Luckily, Joy realized she had to break out of this self-sabotaging pattern of not feeling good enough. She decided once and for all that she was going to learn how to love and empower herself. And this was the beginning of a true change in her life. She immediately called us for help and started doing what I call the Diamond Self work with a coach. She gave herself the nickname, Chosen Wanted Blonde-haired Girl of Love and Light.
At first Joy thought the whole nickname was too positive for her. But her coach pointed out the beautiful and quite amazing qualities Joy did have. And Joy got it! That new Diamond Self identity gave Joy the impetus she needed to change her attitudes and beliefs about herself and about relationships. We will return to Joy and what she did to change her life in Part II of this blog, Overcoming Loneliness.
You need to understand that you’re not simply stuck with your childhood script for the rest of your life. You can actually get reparented—get the loving appreciation, validation and guidance you always needed but never got.
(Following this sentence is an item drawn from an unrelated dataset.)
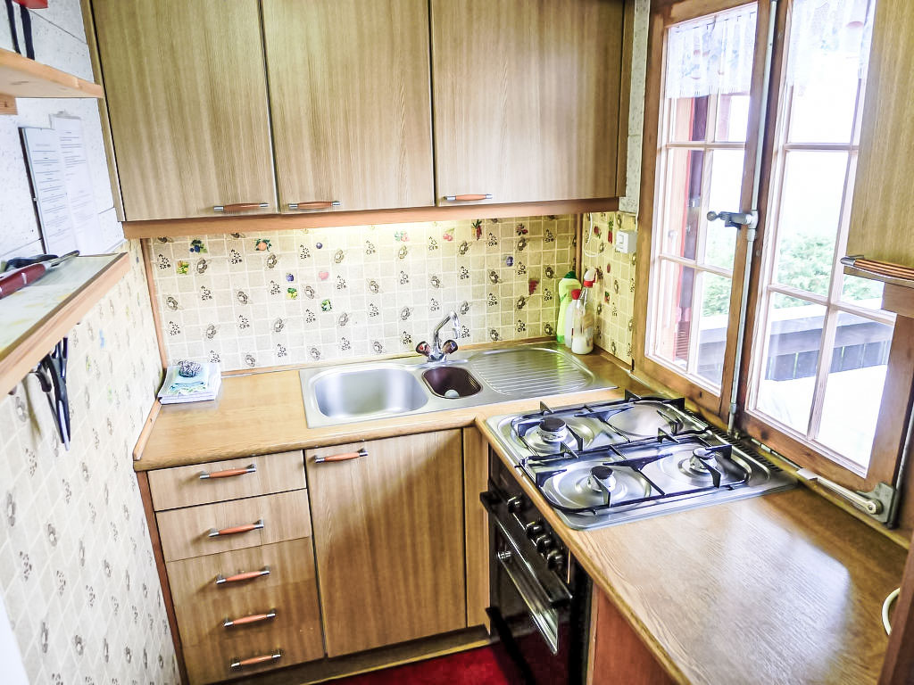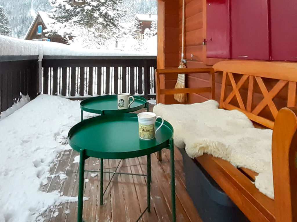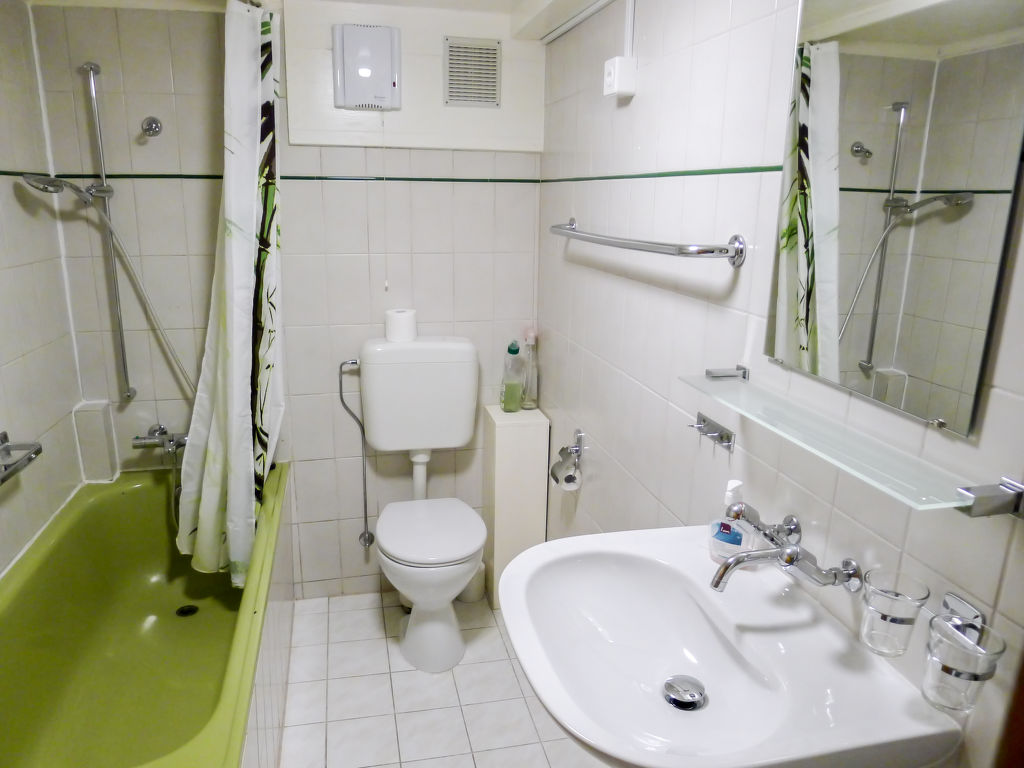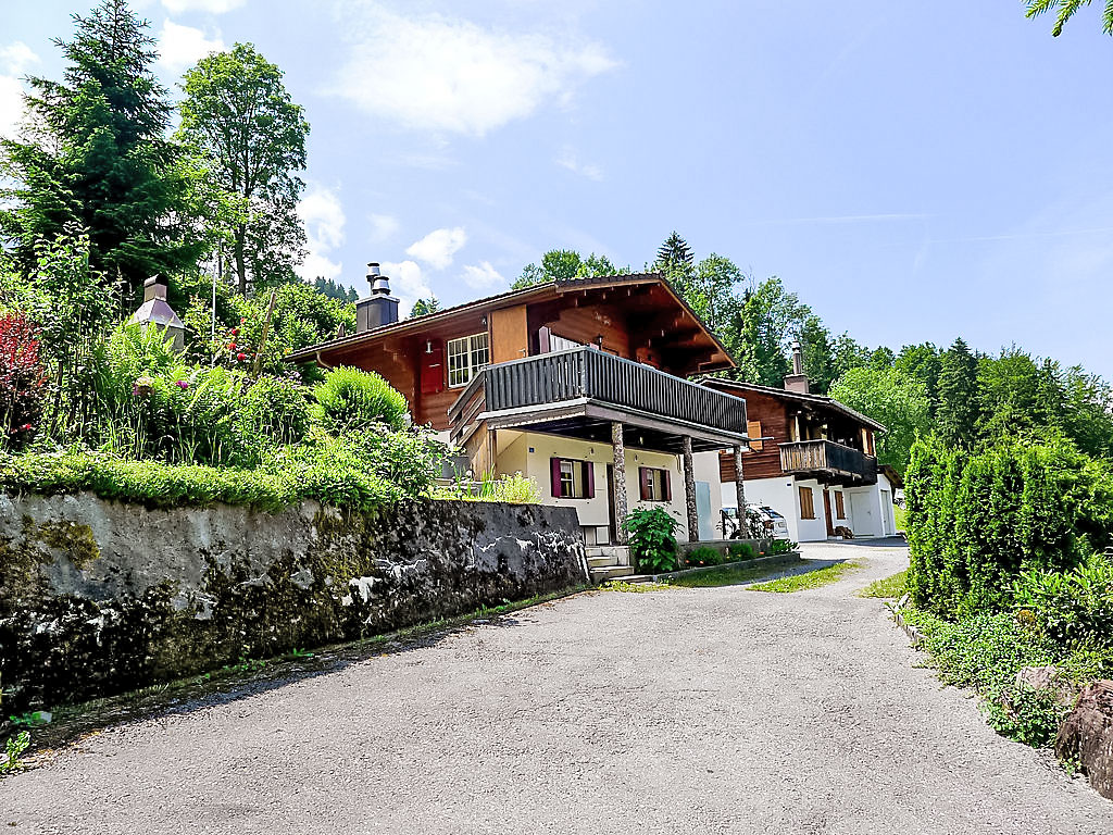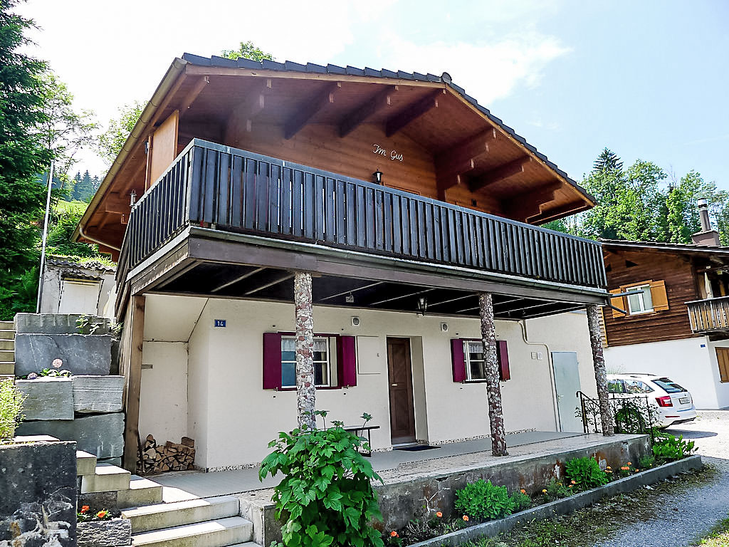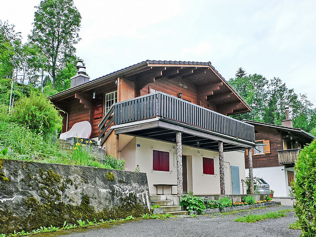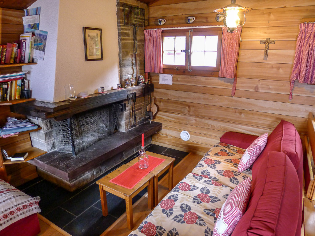 3-Zimmer-Chalet 65 m2 auf 2 Stockwerken. Zweckmässig und gemütlich eingerichtet: Wohn-/Esszimmer mit offenem Kamin und Sat-TV (Flachbildschirm), Radio. Ausgang zum Balkon. 1 kleines Zimmer mit 1 franz. Bett (140 cm). Kleine Küche (3 Kochplatten, Backofen). Sep. WC. Unteres Geschoss: (Leiter) 1 kleines Zimmer mit 1 x 2 Etagenbetten. Bad/WC. Balkon, Terrasse, Gartensitzplatz. Terrassenmöbel, Gartengrill, Abstellkammer. Sehr schöne Sicht auf den See und die Berge. Zur Verfügung: Waschmaschine, Holz (gratis). Internet (Wireless LAN, gratis). Parkplatz (2 Autos), Garage Nr. 6. Bitte beachten: Nichtraucher-Unterkunft. Zugang zum Obergeschoss über steile Leiter oder über die Aussentreppe.

In order to do that and rewrite your lonely childhood script, you need to find mentors, people who are like fairy godmothers to you, who can right the wrongs that have happened in your past.
This is the process I went through, myself, with a loving coach. And now I am definitely not a lonely Nobody’s Girl—I am married to the great love of my life!
You may have read other self-help books talk endlessly about how you can’t rely on other people to give you what you need. Well on one level that’s true—you have to ultimately do it for yourself. But it’s an awfully long road for a Nobody’s Girl pulling herself up by her own bootstraps and we’ve already shown you how trying to be Ms. Independent has backfired in the past.
The great news is there are loving, caring people who can nurture, validate and give you the experience of love that you can then take in and use to love yourself. There are probably loving people in your network but you never gave them a chance.
I know: you are too shy. And it won’t work for you and yada, yada, yada. But overcome all that lonely Nobody’s Girl self-talk and take a chance for yourself! You so deserve it!